Спотыкаясь и весело балагуря, площадь танцевала вальс «На сопках Манчжурии», когда на половине такта – еще медные баритоны не закончили свое знаменитое соло – оркестр вдруг смолк. К микрофону, рядом с которым еще минуту назад стоял сухонький престарелый капельмейстер Георгий Михайлович Добржанский, на нетвердых ногах подошел хорошо известный в Ободе строгий и неулыбчивый человек – городской прокурор Василий Сидорович Лахнин (после часового небесплодного сидения за столом в мэрии он вдруг объявил сидевшим рядом с ним единомышленникам, что у него возникло желание «поговорить с народом»). У микрофона встал, как солдат на параде: плечи расправлены, живот втянут, пуговицы мундира надраены до золотого блеска, глаза двумя серыми буравчиками сверлят площадь, не скрывая мысли, которую герой одного из анекдотов Гурсинкеля формулировал так: «я вас, блядей, наскрозь вижу»…
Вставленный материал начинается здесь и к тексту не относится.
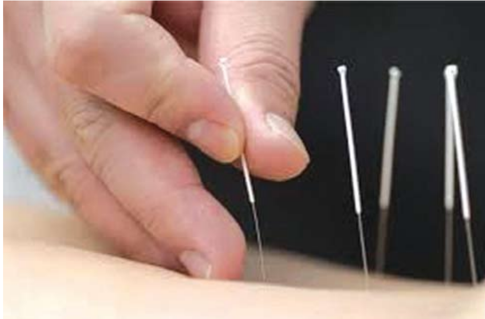
Moreau Physical Therapy is now offering Trigger Point Dry Needling

When the nerves are irritated, they cause a protective spasm of all the muscles to which they are connected. This may cause peripheral diagnoses such as carpal tunnel, tendonitis, osteoarthritis, decreased mobility and chronic pain. Small, thin needles are inserted into painful areas of muscles known as trigger points. Skilled movement of the needle elicits relaxation and pain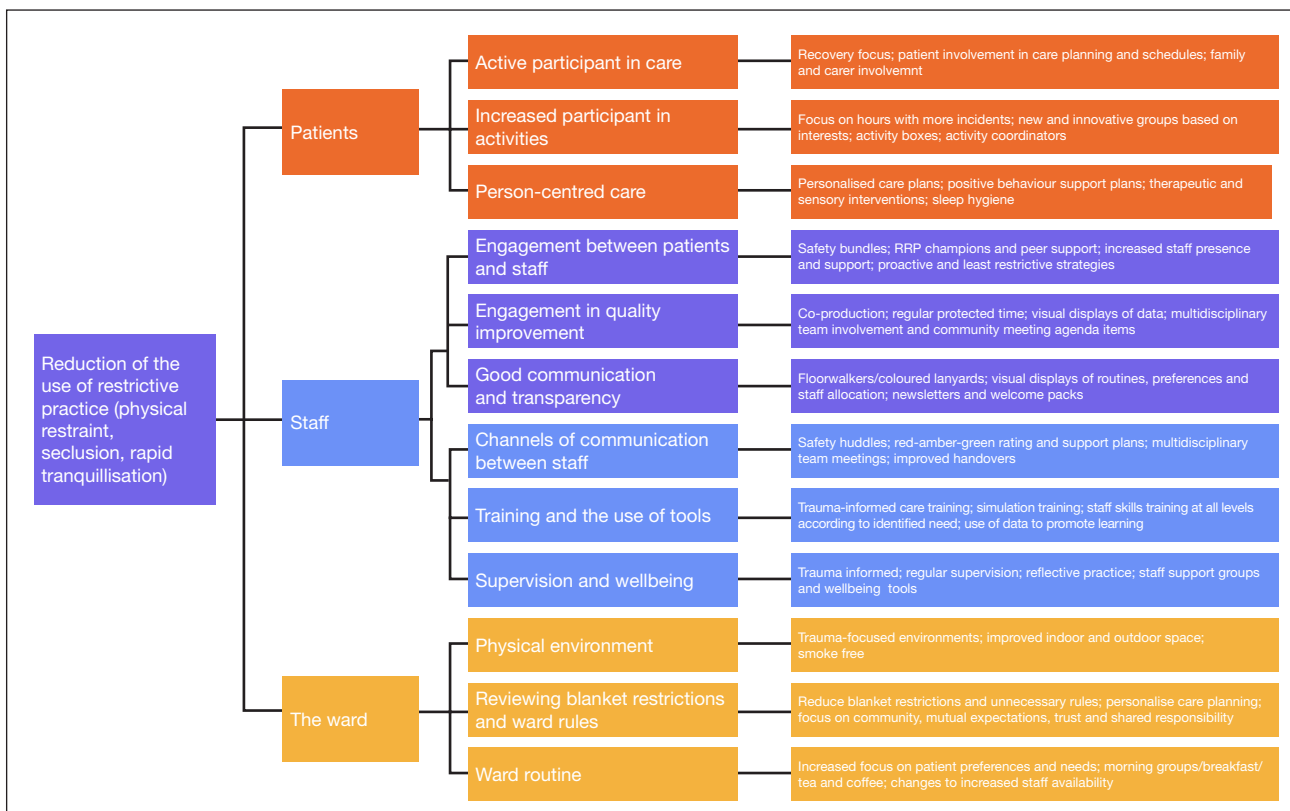
Figure 3. Theory of change provided to teams taking part in the reducing restrictive practice (RRP) programme, which brought together existing knowledge and ideas on the topic. Adapted with the kind permission of the Royal College of Psychiatrists (2021).

All teams taking part in the improvement collaborative were supported by a trained improvement coach, who facilitated team meetings and workshops to provide support with quality improvement methods and tools. The teams were given access to a rich set of resources at the start of the programme, developed by the design group and consisting of a theory of change with ideas, innovation and an evidence-base that the team could use in their own work (Figure 3). Critical to the success of the programme was a central programme team that consisted of four quality improvement coaches and a programme manager who had experience in improvement to guide the design and delivery of the learning system.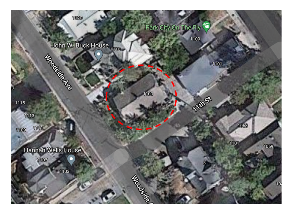
Figure 1: Aerial view showing the location of 1100 Woodside Avenue. (ESRI 2020)

(Provide several clear historical and current maps indicating the location of the property in relation to streets or other widely recognized features.)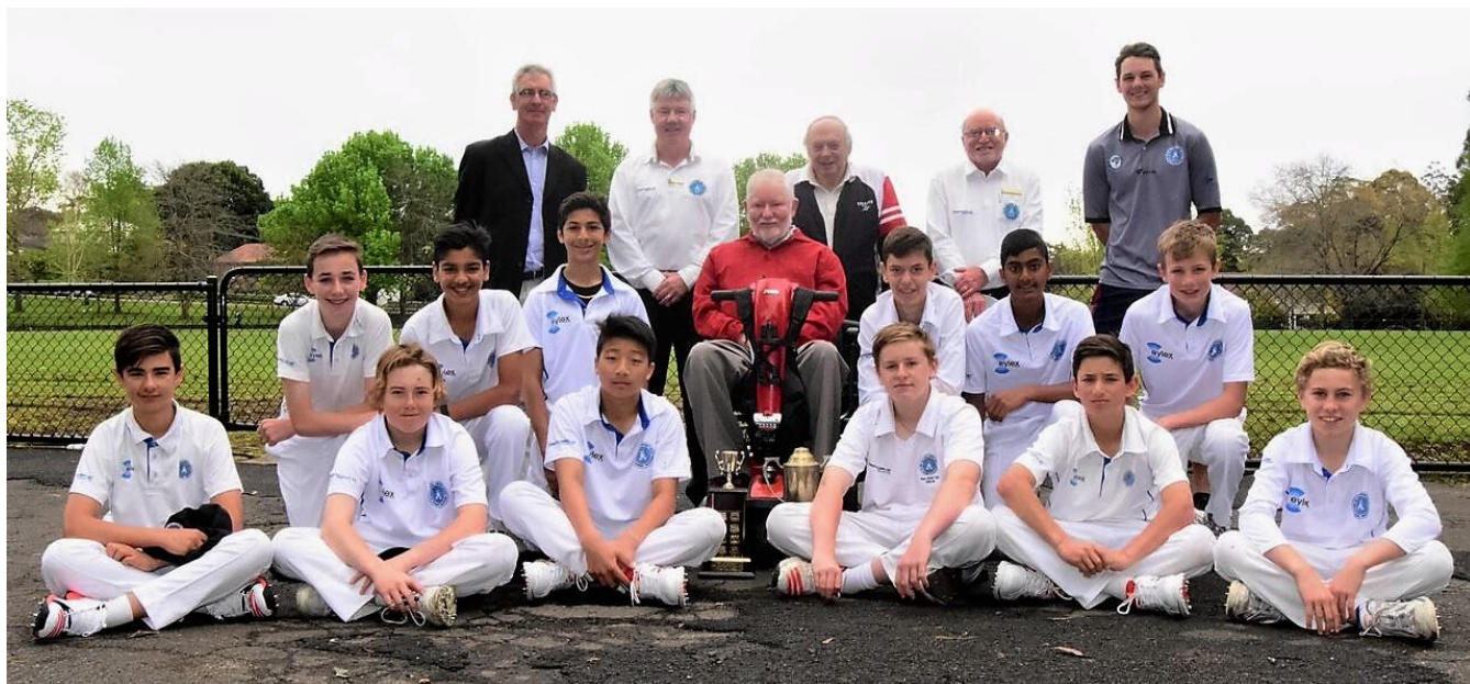
RTC East team – 2016/17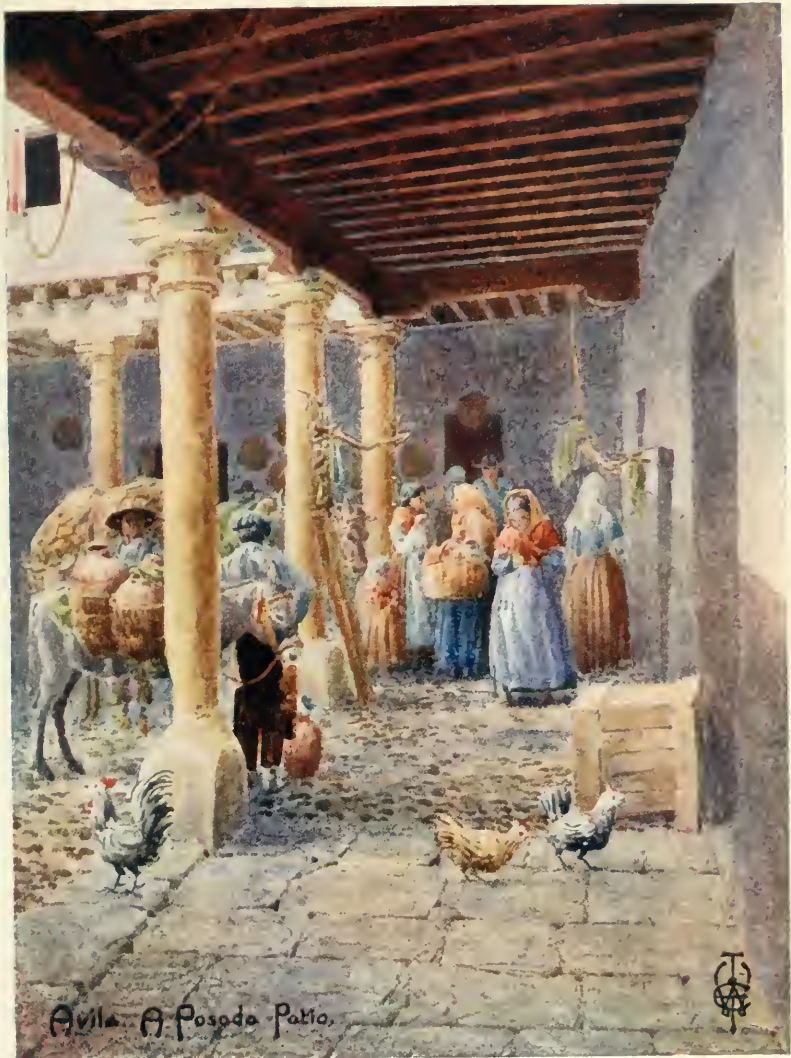
Avila. A Posoda Patio.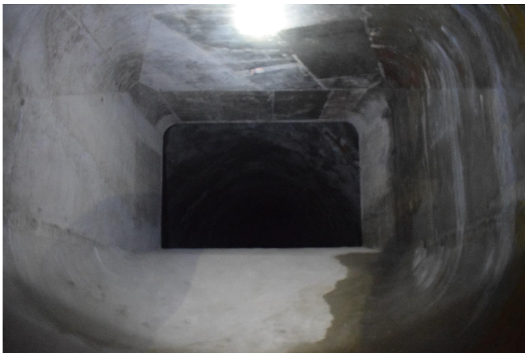
Figure 10: Transition Section of Settling Basin to HRT

flushing tunnel from Settling Basin to valve of flushing pipe has been completed. Box culvert (size 1.5m*2.0m*27m) for the flushing tunnel at the outside of adit I has been completed.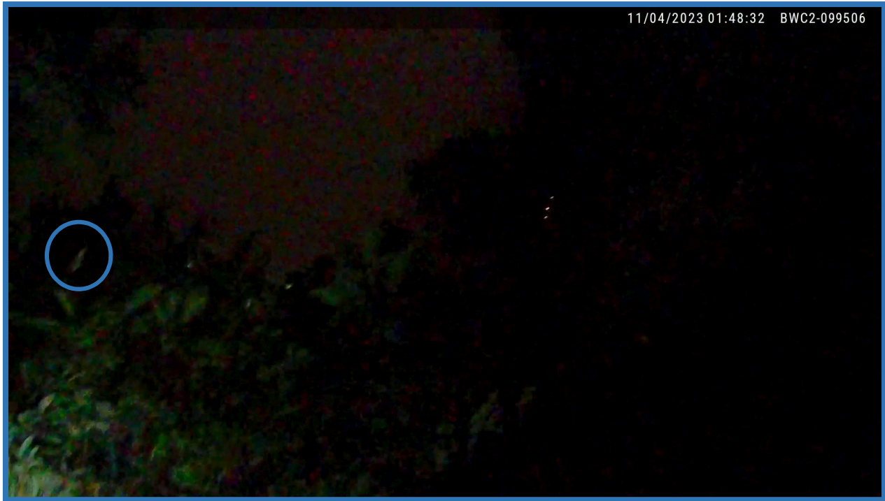
██████████ BWC - Image 6 (Third visible cartridge case)

Officer Involved Critical Incident - 5230 Douglas Drive, North Olmsted, Ohio 44070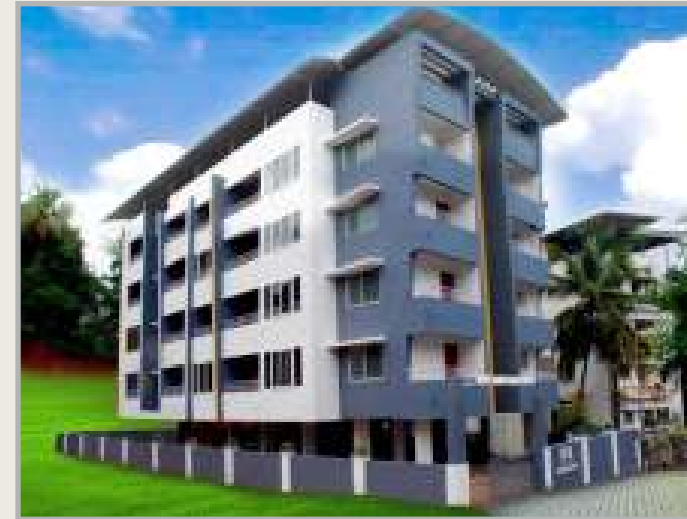
Sri Devidayal Residency, Ashoknagar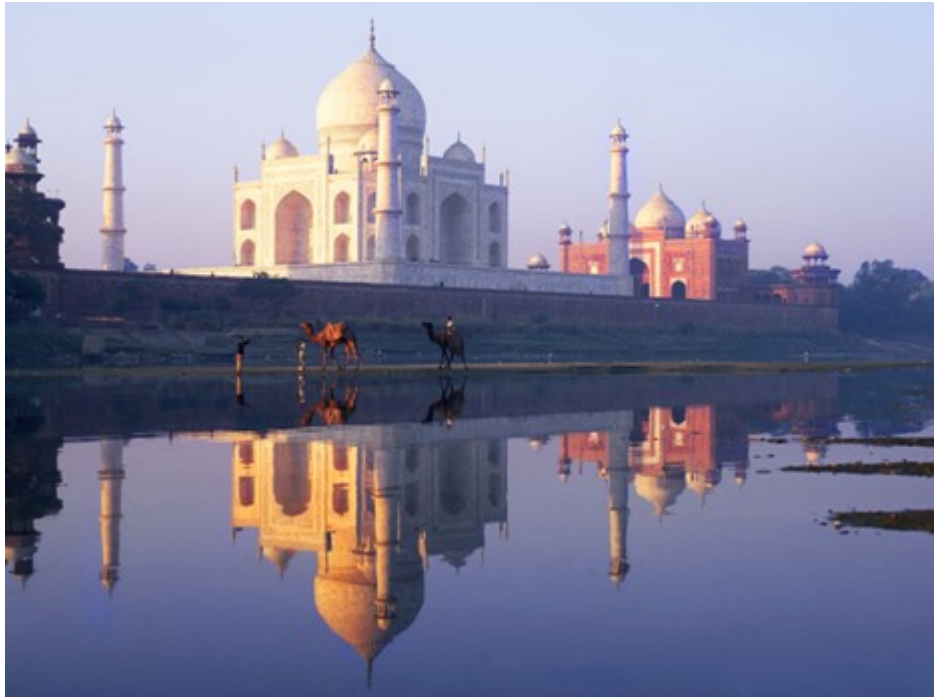
The Beautiful Taj Mahal At Agra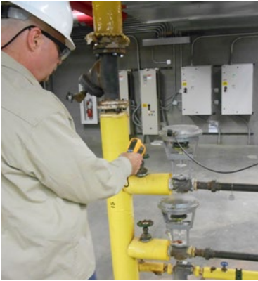
Measuring the steam temperature at the inlet to the humidifier valve.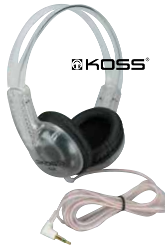
C. KOSS CL-5 Clear Headphones Item #5158302099—$8.00

Что он скажет в этот праздничный день?
Толпа у сцены заметно сгустилась…
Младший корреспондент Вася Субчик, получивший задание написать для газеты репортаж о Дне города, речь прокурора записал на маленький магнитофон. Вечером, дома, он еще раз ее прослушал и долго ломал голову над тем, как пересказать речь в репортаже… В нашем человеке состояние, в котором к тому времени пребывал прокурор, часто лишь усиливает красноречие, некоторые только в таком состоянии и способны выразить мысли, к которым стоит прислушаться, но тут… хотя все слова законника и содержались в толковом словаре Ожегова, Вася Субчик, как ни бился, уловить в речи доминирующую нить так и не смог: похоже было, что к моменту выступления в голове блюстителя законов некий коловорот переворошил и превратил в хаос все приобретенные прокурором в университете и опытным путем знания и впечатления.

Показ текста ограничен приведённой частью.